(The input Opens)
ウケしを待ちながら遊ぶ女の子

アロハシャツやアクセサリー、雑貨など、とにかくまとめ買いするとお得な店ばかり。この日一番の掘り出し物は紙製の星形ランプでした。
(The input Closes)
(The input Opens)
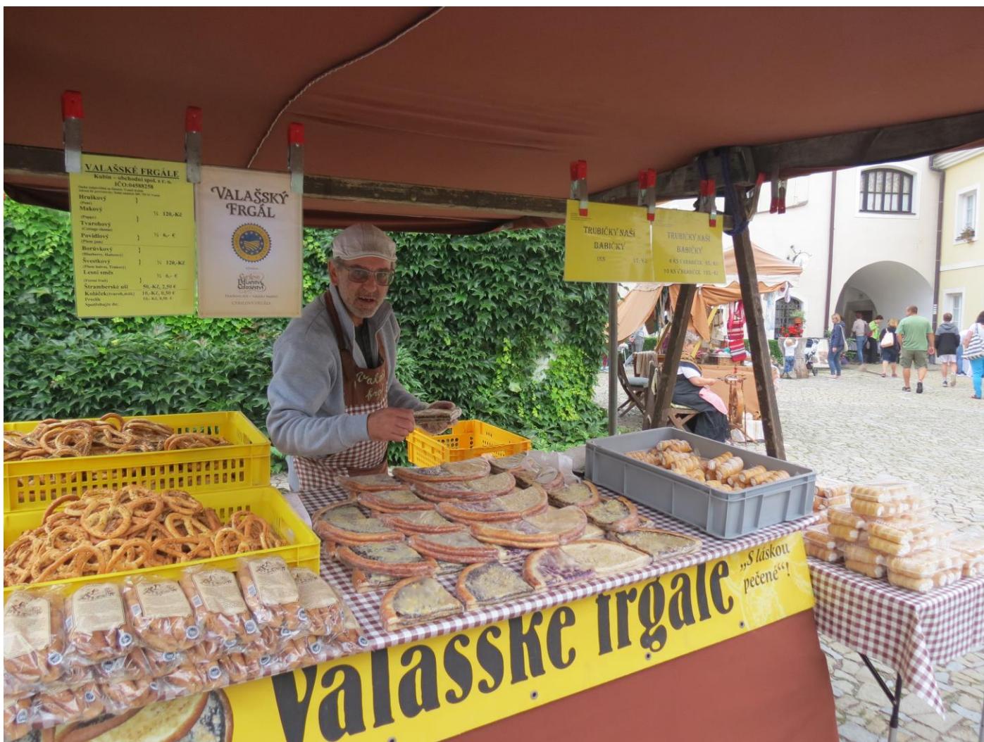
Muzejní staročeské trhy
(The input Closes)
(The input Opens)
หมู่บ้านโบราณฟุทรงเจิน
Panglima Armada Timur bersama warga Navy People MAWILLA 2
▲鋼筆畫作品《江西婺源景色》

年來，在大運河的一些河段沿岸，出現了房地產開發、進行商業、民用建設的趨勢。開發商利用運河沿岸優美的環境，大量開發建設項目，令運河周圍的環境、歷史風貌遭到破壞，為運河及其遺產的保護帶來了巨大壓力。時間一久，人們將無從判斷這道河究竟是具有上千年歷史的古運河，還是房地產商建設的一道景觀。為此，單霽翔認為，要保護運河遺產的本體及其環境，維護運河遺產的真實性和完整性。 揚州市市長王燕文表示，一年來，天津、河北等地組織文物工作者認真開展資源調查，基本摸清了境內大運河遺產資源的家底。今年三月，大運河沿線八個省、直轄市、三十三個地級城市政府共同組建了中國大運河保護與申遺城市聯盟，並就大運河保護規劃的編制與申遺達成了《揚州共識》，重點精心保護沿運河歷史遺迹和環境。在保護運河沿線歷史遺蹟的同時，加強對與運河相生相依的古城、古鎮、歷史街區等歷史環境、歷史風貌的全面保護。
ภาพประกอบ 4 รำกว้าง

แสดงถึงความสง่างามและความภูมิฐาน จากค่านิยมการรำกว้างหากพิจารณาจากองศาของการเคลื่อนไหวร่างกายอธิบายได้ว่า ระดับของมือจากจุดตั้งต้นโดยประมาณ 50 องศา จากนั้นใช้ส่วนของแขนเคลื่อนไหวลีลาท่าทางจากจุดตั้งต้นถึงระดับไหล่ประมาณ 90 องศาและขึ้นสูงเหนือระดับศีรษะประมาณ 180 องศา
(The input Closes)
• **What you should do**:
In the listing above, locate the line with "ウケしを待ちながら遊ぶ女の子" and the line with "アロハシャツやアクセサリー、", then extract exactly those lines and every line between them, and nothing more.

• **Response**:
ウケしを待ちながら遊ぶ女の子

アロハシャツやアクセサリー、雑貨など、とにかくまとめ買いするとお得な店ばかり。この日一番の掘り出し物は紙製の星形ランプでした。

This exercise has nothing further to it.